I know people who feel that learning has stopped–they have their degrees, they’ve been trained–what is the point of this connection? I have a problem with this rigidity. The world changes, people change. Life is a constantly evolving process. Who says that what we know today is all the learning we need? Why not share pedagogy and problems and successes and see what others are doing? I expect my students to approach the process of writing–and the process of critical thinking–as an evolving one. Why should my own process be different?

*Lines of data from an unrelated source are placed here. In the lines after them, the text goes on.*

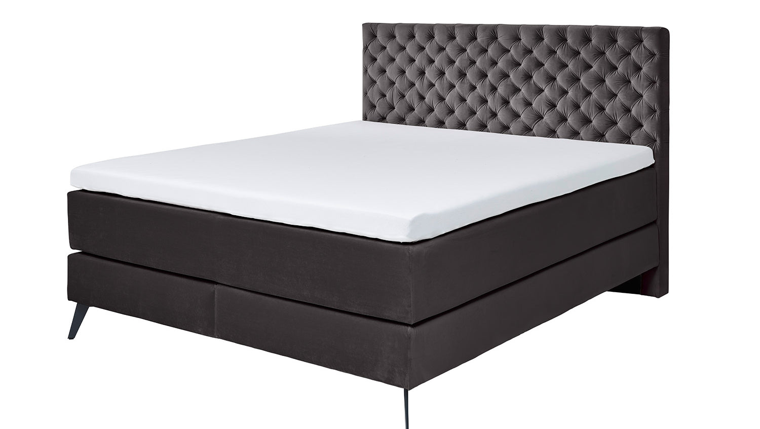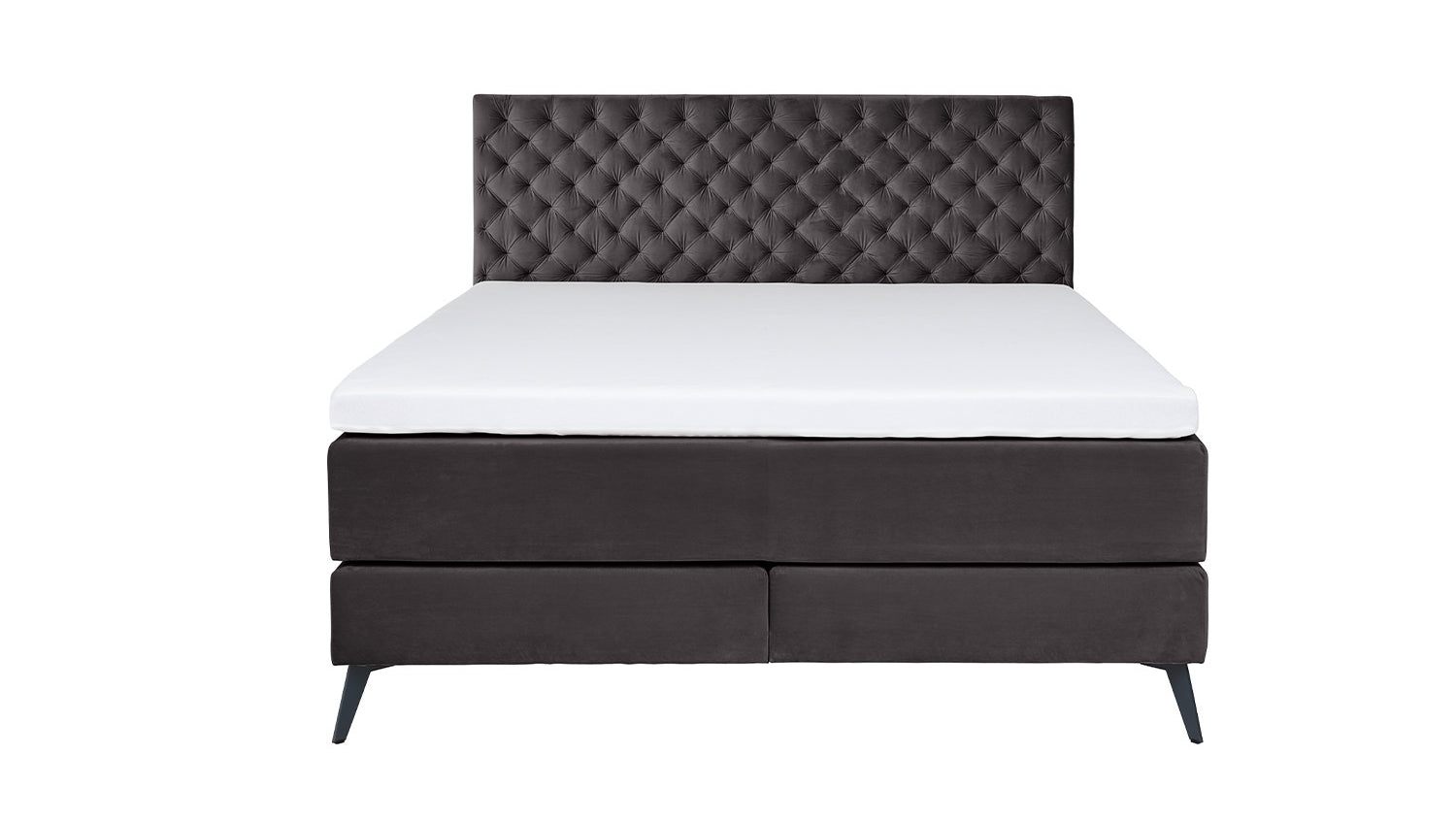 KAWOLA Bett SINDAR Boxspringbett Stoff anthrazit Fuß schwarz ohne Topper 160x200cm
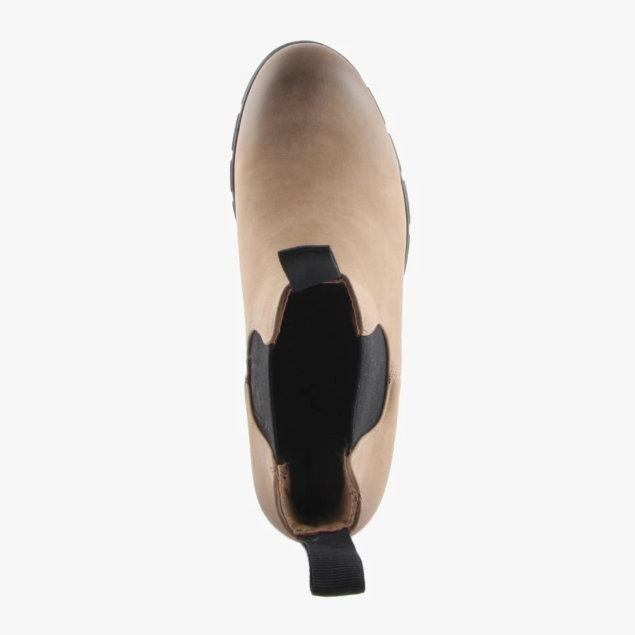 Find peace with Harmony by Therapy. This women’s elastic sided boot features a comfortable low heel, lightweight sole and leather-look upper.
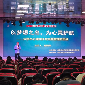 孙闻天教授受邀为北京北大方正软件职业技术学院进行10.10日精神卫生日专题为《以梦想之名,为心灵护航—大学生心理成长与自我管理新思维》的讲座 2024年10月10日是第33个世界精神卫生日,为进一步普及精神卫生和心理健康知识,提高学生心理健康水平,促进学生全面发展和健康成长,我校通识教育中心特别邀请河北省心理咨询师协会副理事长孙闻天教授到校开展心理健康专题讲座,讲座以“共建共治共享 同心健心安心”为主题,全校400余名师生参与了本次活动。 发布时间:2024-10-17 18:17:02
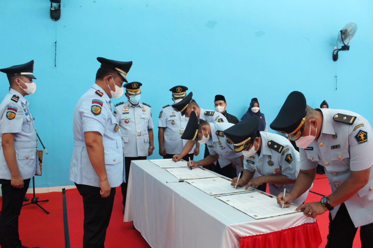 Global Cyber News.Com|SERANG – Empat pejabat administrasi di lingkungan Lembaga Pemasyarakatan Kelas IIA Serang, resmi dilantik. Selasa (24/08/2021)
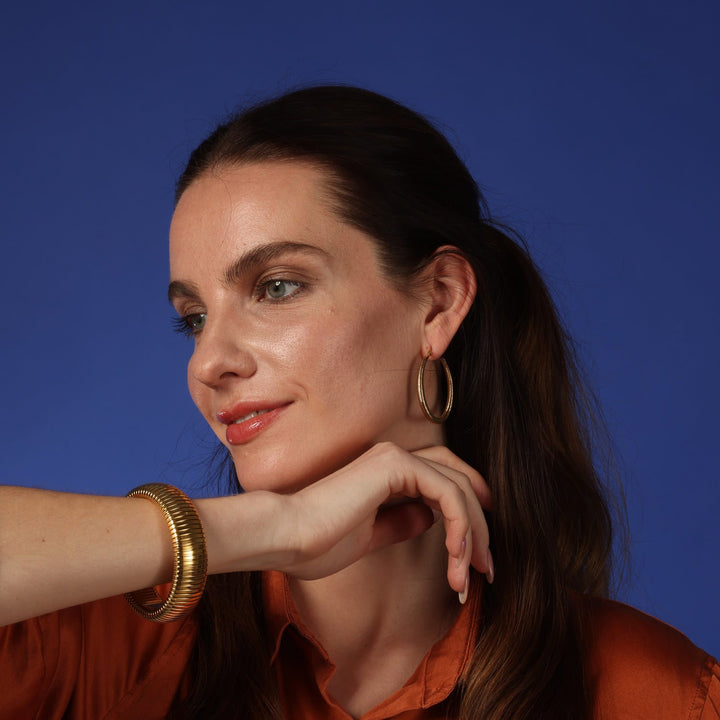 This Wide Gold Plated Cobra Bangle by Michael Nash Jewelry is a bold and sculptural statement piece. Its sleek, fluid design adds a touch of modern luxury and effortless elegance to any outfit. Whether worn alone for a refined look or stacked with other bangles for maximum impact, its coiled shape exudes confidence and sophistication. This bangle is a must-have accessory for those who love to stand out with style.
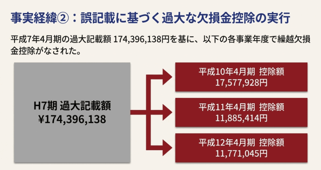 この過大記載された金額を基に、平成8年4月期から平成12年4月期までの各事業年度で、本来は存在しないはずの欠損金を控除し、過少な所得で申告を続けた。
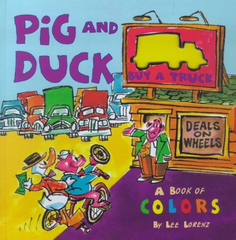 Lorenz additionally wrote and illustrated several books of his own. Two were based on Geoffrey Chaucer's classic narrative poem 'The Canterbury Tales', namely 'Scornful Simkin: Adapted from Chaucer's The Reeve's Tale' (Prentice Hall, 1980) and 'Pinchpenny John: Suggested by Incidents in Chaucer's The Miller's Tale' (Prentice Hall, 1981). Among his original children's books were the titles 'Big Gus and Little Gus' (Prentice Hall, 1982), 'The Feathered Ogre' (Prentice Hall, 1983), 'Hugo and the Space Dog' (Prentice Hall, 1983), 'A Weekend in the Country' (Prentice Hall, 1985), 'Dinah's Egg' (Simon and Schuster for Young Readers, 1990), 'A Weekend in the City' (Pippin Press, 1991) and 'Pig and Duck Buy A Truck: A Book of Colors' (Little Simon, August 2000). 'The Feathered Ogre' has also been translated in French as 'L'Ogre à Plumes'.
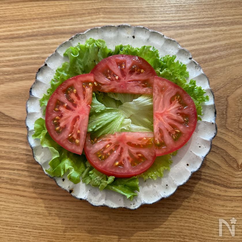 (5) 器にレタス→トマトを並べる。
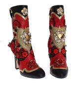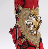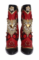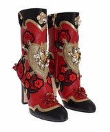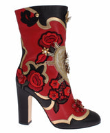 Dolce & Gabbana boots for women. Multicolor Roses embroidered Enchanted Heart Swarovski Crystal mid calf boots. This items comes from the exclusive MainLine Dolce & Gabbana collection. Gorgeous, brand new with tags 100% Authentic
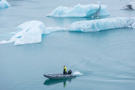 JOKULSARLON, ICELAND - MAY 23, 2019: Ranger guard patrolling in a boat at Jokulsarlon glacial lagoon
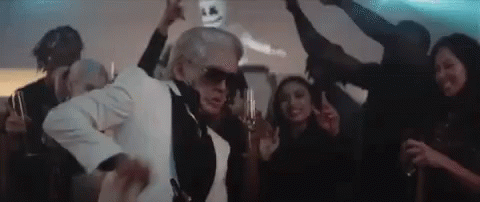 Paglalarawan ng Content: a man in a white suit and sunglasses is dancing in a crowd of people .
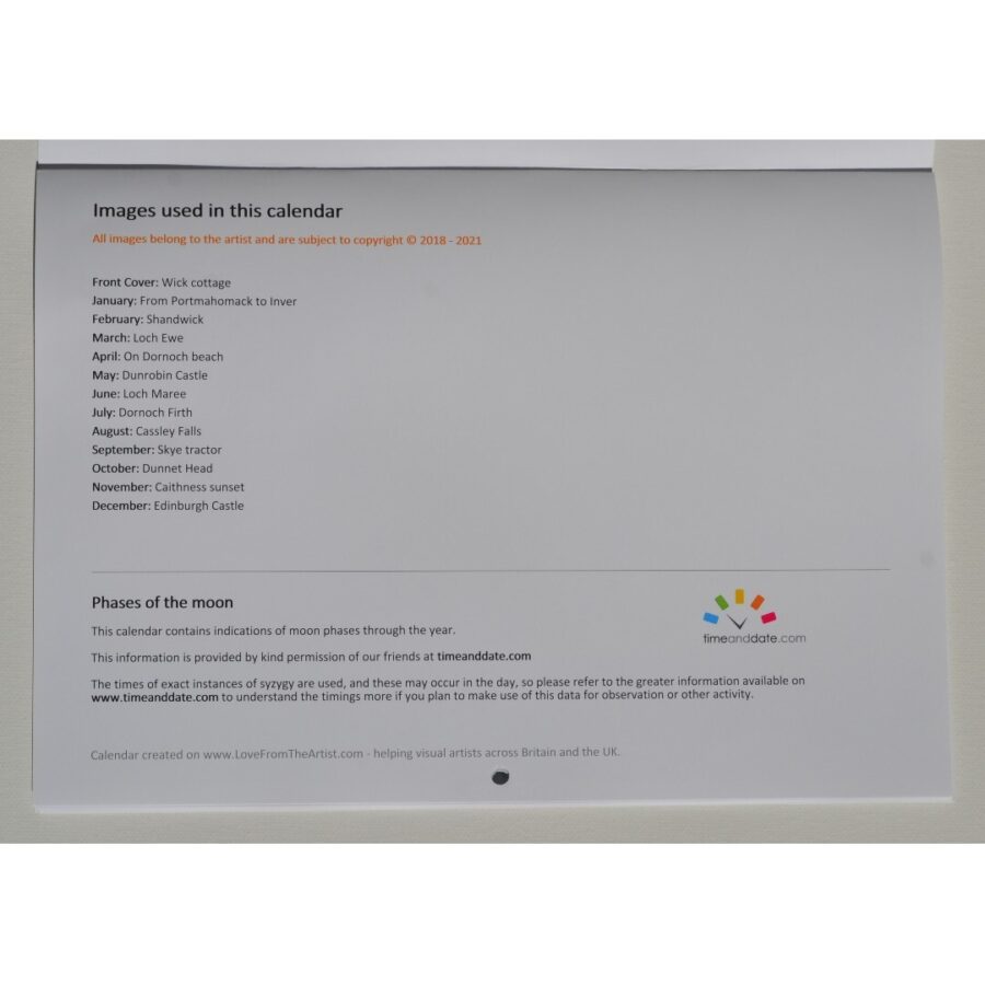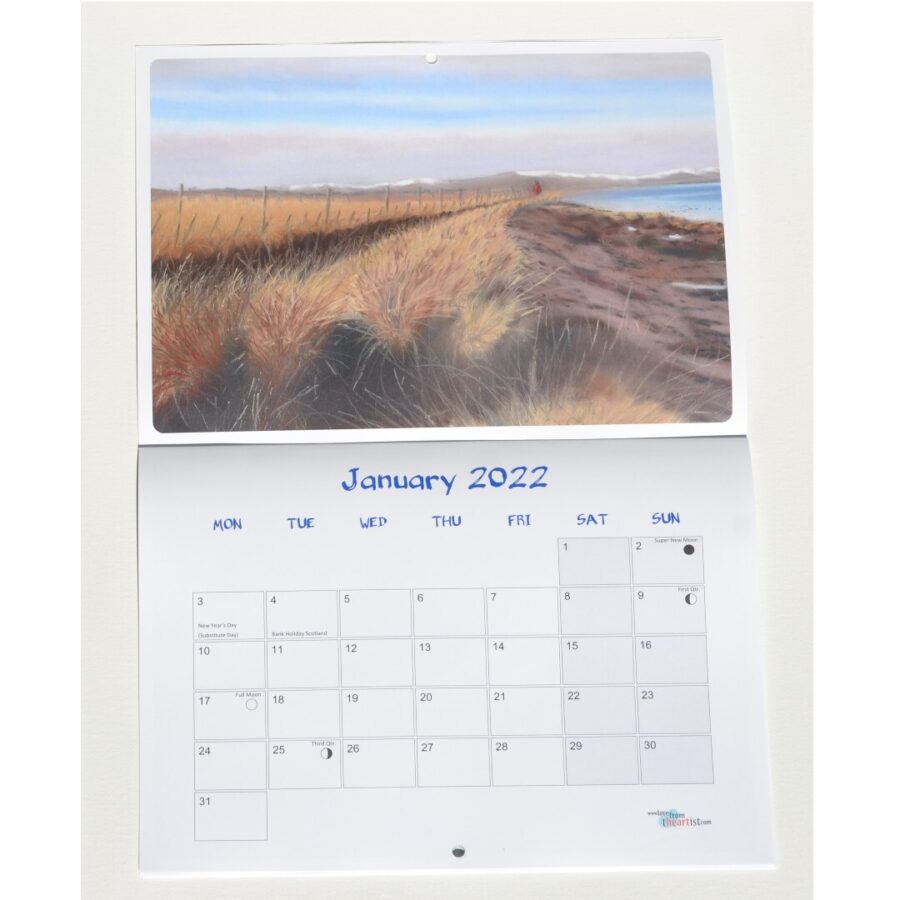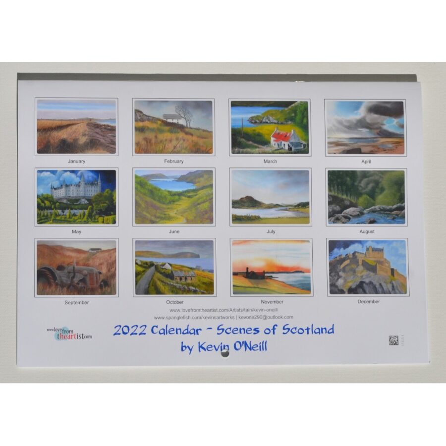 This 2022 calendar features original paintings by Kevin O'Neill of scenes of Scotland. There is an A4 page per month showing UK public holidays and phases of the moon, plus an A4 image. Each month has a different image plus an extra image on the front cover. They are stapled with a hole for hanging and come in a protective cover. You may even want to frame some of the images.
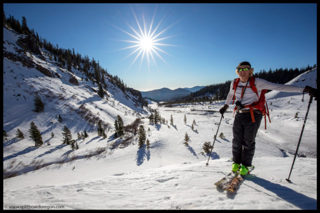 Once back on our skin track, we made some fun turns down to the flat part of the canyon below, and then were able to slide the rest of the way out to the car, sans the one mandatory creek crossing.
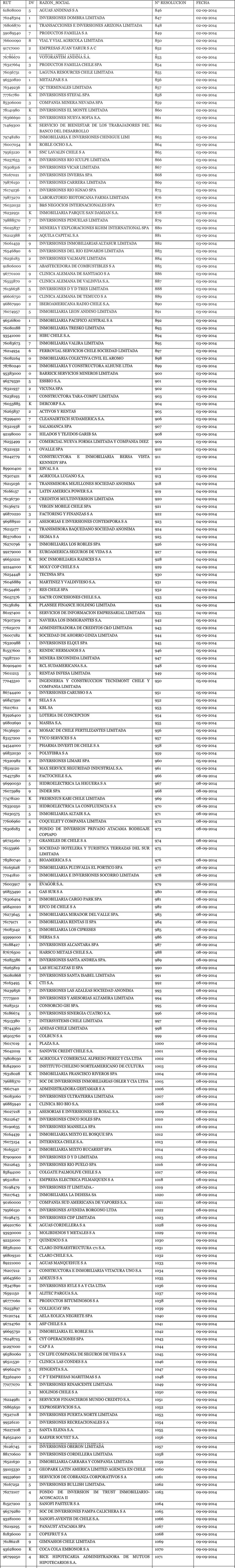 En virtud de lo ordenado por el artículo 58 de la ley Nº 19.880, se informa que se han acogido a la fecha los siguientes recursos de reposición interpuestos por instituciones incluidas en la Nómina que contiene la resolución Nº 197, de esta Superintendencia, de fecha 22 de julio de 2014, las que en consecuencia han quedado excluidas de dicho listado en virtud de los antecedentes que presentan, los que dan cuenta que no cumplen con los requisitos copulativos dispuestos en el artículo tercero transitorio de la ley Nº 20.715 para quedar sus operaciones sujetas a la fiscalización de este Organismo.
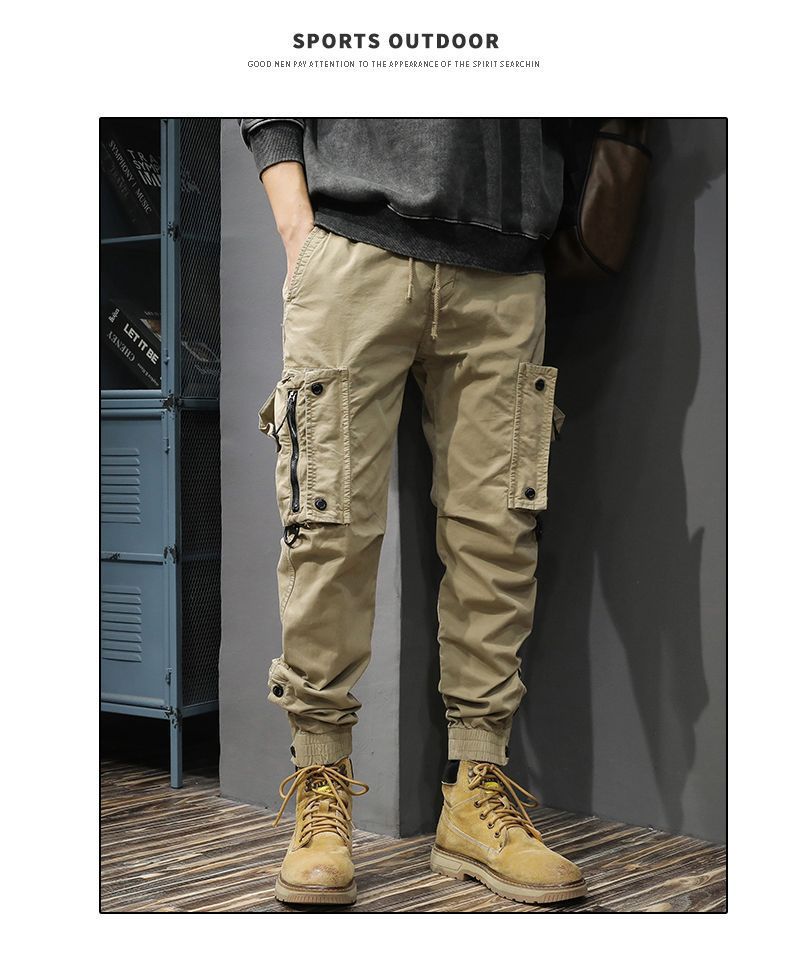 아미 카지 (Ami Kaji) 중량용 복고풍 유행 브랜드화물 바지 남성용 봄과 가을 전술 기능성 슬림 핏 다리 발가락 캐주얼 바지 트렌디
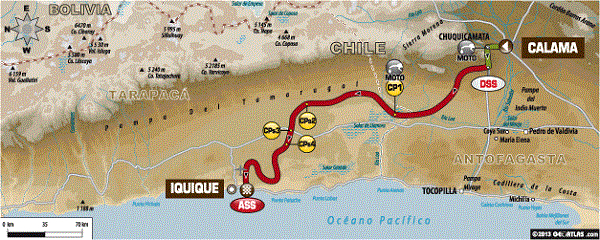 Todas las categorías compartirán hoy un trazado de 422 kilómetros que desembocará en la duna de Iquique, con un descenso vertiginoso de 3 kilómetros hacia la espuma del Pacífico. Aunque los líderes de las cuatro categorías, véanse Coma, Lafuente, Roma o De Rooy, parecen tener bien atado su liderato, no conviene olvidar que el Dakar es capaz de regalarnos jornadas épicas caracterizadas por los renaceres.

More importantly, as instructors we share students; my students, successful or not, are and will be someone else’s student. I need to help them succeed beyond my classroom and I feel this is a responsibility all instructors must take seriously. So it makes no sense, to me, to isolate myself. Indeed, I should be connecting across the campus to see what other disciplines are looking for in my students. The college (as an institution) looks to English faculty, for example, to instill writing and thinking processes that are the prerequisites for success in other disciplines. We really should all be talking together so that we each learn from the other.

I also know people who tell me that conferences are dull, jargon-laden, and repetitious. Many presenters are boring or overly enamored of themselves (or both). But of course, like anything, you get out of an activity what you put into it. Choose wisely! Skip the jargon-ish presentations (or listen for the message behind the jargon) and make connections with people who, like you, want a more dynamic experience.

Puente has given me that dynamic experience and helps me connect with people outside my discipline. It allows me to participate in my own growth and learning.